Grave men, near death, who see with blinding sight
Blind eyes could blaze like meteors and be gay,
Rage, rage against the dying of the light.

And you, my father, there on the sad height,
Curse, bless me now with your fierce tears, I pray.
Do not go gentle into that good night.
Rage, rage against the dying of the light.

                                                                     ~ Dylan Thomas
This poem was part of the book Matched which I recently finished and something that stuck with me 

Thursday, January 6, 2011

It's a Marshmallow World



The air is cold today with a sharp bite to it.  A storm is moving in, a front from somewhere even colder than here that is promising to bring more snow and wind and ice with it.  The snow from last week’s blizzard still lies in piles on the streets, giant mountains reaching sometimes 10 feet in the air, something I discovered today as I nearly walked into one on my way to work.  We all look like bulky marshmallows as we walk around in our overcoats and scarves and furry boots.  Slightly pissed off marshmallows but still.  I’m not one right now, but I will be in a little while as I’m off to talk to a literary agent about the other side of publishing, the non-publishy part.  But until then I’m just going to look outside and wait for the flakes to start to fall. 

Wednesday, January 5, 2011

Getting Down to Business

So it’s a new year and it’s time to get serious about this job thing.  Yeah, that little, annoying thing that won’t go away like those weird parasites that live on the side of sharks.  (And yes I’m very proud of that metaphor thank you very much)  Anyway, recently, a friend told me that the old way of getting a job is dead.  That the days of sending out a resume and waiting to hear back that, whammy! you get an interview are long gone.  Nope, today it’s about having contacts, knowing people, which has made me come to realize I don’t.  I thought I did, I have 211 Facebook friends to prove it right? I text all the time to people which has to mean something right?  Again, nope.   
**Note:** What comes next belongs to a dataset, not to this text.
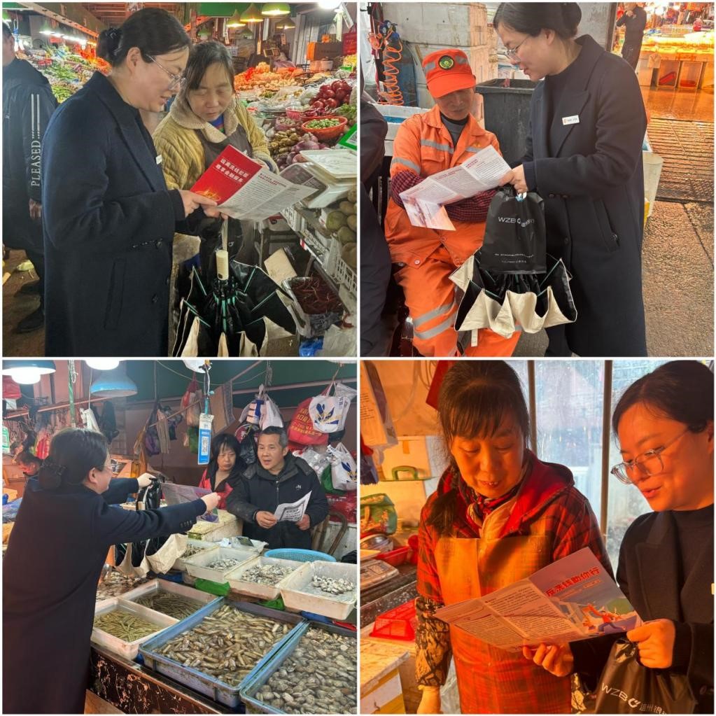 当天下午,劳动南路菜场正值采购高峰,人流量较大。黄岩支行的宣传人员在菜场入口处设立了宣传咨询台,悬挂起醒目的宣传横幅。针对菜场摊主和往来市民以中老年人居多、金融知识相对薄弱的特点,宣传人员主动“送教上门”,穿梭于各个摊位之间,用通俗易懂的方言,向摊主和买菜的市民讲解非法集资和洗钱活动的常见手段及危害。

So here I sit at my computer trying to squeeze out any morsel of a contact that I might have acquired in my 22 years of existence.  Maybe the girl who babysat me when I was nine has a friend whose husband knows someone who works at an agency.  Maybe that weird dude who gave me his number at a gas station once actually has a cousin who’s interning for someone who once talked to someone who wrote a book.  So here I sit with my face all scrunched up as I try to remember every single person I’ve ever met to see if it’ll lead somewhere.  Scrunch, scrunch, scrunch.  Anything?  Not yet.  Scrunch, scrunch, scrunch…

On a lighter note a little Christmas elf gave me a Kindle this year and it’s pretty much blowing me away.  Did you just hear that?  That was my mind exploding with the awesomeness of this thing.